I found this problem from Aluffi's Algebra Chapter 0 and only managed to find one reference (without proof) to this statement online, so I'm posting this here for reference/verification.
Problem
Let $\mathcal{A} = \{(a_i)\}$ be a family of principal ideals in a UFD $R$.
Show that the ideal $I = \bigcap_i (a_i)$ is principal.
Solution (?)
$I$ is an ideal since it's an intersection of ideals.
Pick any $r_0 \in I$. If $(r_0) = I$ we are done, so suppose $(r_0) \subsetneq I$.
Then pick any $s \in I – (r_0)$.
Since $R$ is a UFD, greatest common divisors always exist so we can set $r_1 = \mathrm{gcd}(r_0, s)$.
By definition of gcd, the ideal $(r_1)$ is the smallest principal ideal containing the ideal $(r_0, s)$.
Since $(r_0, s) \subseteq (a_i)$ for each $i$,
we therefore have $(r_1) \subseteq (a_i)$ for each $i$.

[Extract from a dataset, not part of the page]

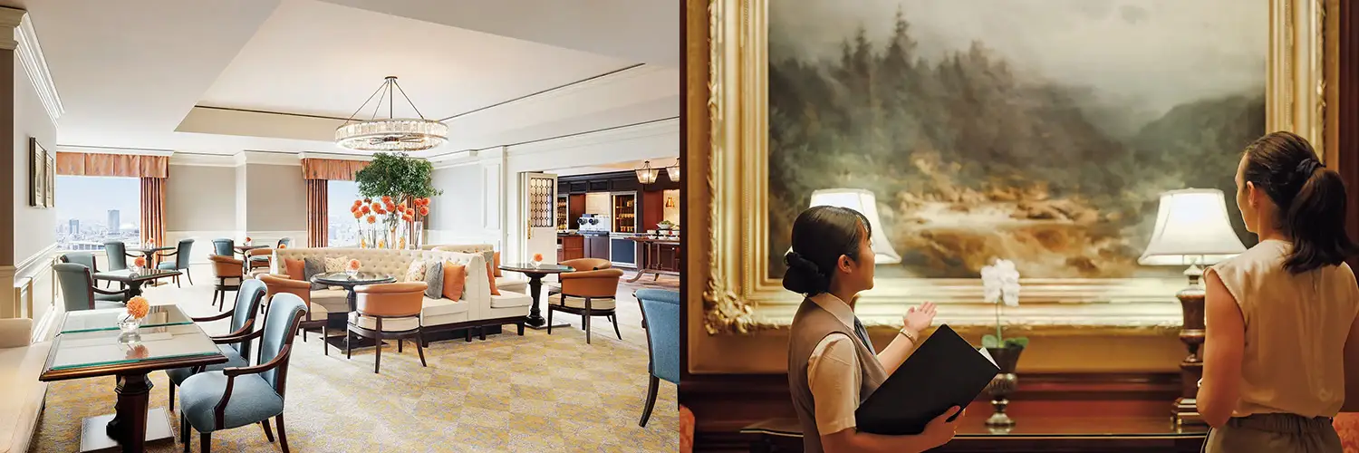 ザ・リッツ・カールトン大阪は、1997年の開業当初から「Homes Away from Home(第二の我が家)」というコンセプトを掲げている。英国貴族の邸宅を思わせるしつらえは、格式の中にくつろぎを感じてもらうためのもの。館内の至るところに絵画、彫刻、工芸品が飾られている。作品について知りたければ、毎日18時から開催の「アートツアー」に参加してみよう。スタッフの案内による、芸術鑑賞という体験価値が提供され、終了後には大阪ならではのドリンクが提供される。ホテル高層階部クラブフロアおよびクラブスイート宿泊者のみがアクセスできる「クラブラウンジ」では、朝食・軽食・アフタヌーンティー・夕食前のオードブル・スイーツ&コーディアルといったフードプレゼンテーションを満喫することができる。「水と歴史の物語」を辿る、琵琶湖と大阪をつないだ贅沢な旅は、ここに自然観や生命観、ホテル観も一新されて、見事に完結した。

Thus $(r_1) \subseteq I$ and we get
$$
(r_0) \subsetneq(r_0, s) \subseteq (r_1) \subseteq I.
$$
As long as $(r_n) \subsetneq I$ this process can be repeated fo find $r_{n+1}$ such that
$(r_n) \subsetneq (r_{n+1}) \subseteq I$, yielding an ascending sequence of principal ideals
$$
(r_0) \subsetneq \cdots \subsetneq (r_{n}) \subsetneq (r_{n+1}) \subseteq I.
$$
But since $R$ is a UFD this sequence must stabilize, which can only happen if we eventually have $(r_n) = I$.
Question
Does my solution look ok?
Isn't the generator of the ideal $I$ the least common multiple of the $a_i$'s? If this is true, does this statement imply that lcms exist for arbitrary families in UFDs? Can we say that gcds of arbitrary families exist in UFDs by the same logic?
Best Answer
Your solution looks fine. And you are correct that any generator of the intersection will be an lcm. You can indeed also find arbitrary gcds in a UFD $R$. Take some subset $S\subseteq R$. Let $D$ be the set of principal ideals containing $S$. Of course, the unit ideal $(1)\in D$ so it's nonempty. As you've shown in your proof, the intersection $\bigcap_{(d) \in D} (d)$ has a principal generator, say $e$. Then $S\subseteq (e)$ so for all $s \in S$, $e \mid S$, i.e. $e$ is a common divisor of the elements of $S$. It is the greatest common divisor because if $d$ is another common divisor of the elements of $S$ then $S \subseteq (d)$, i.e. $(d) \in D$. Hence, $(e)\subseteq (d)$ and $d\mid e$.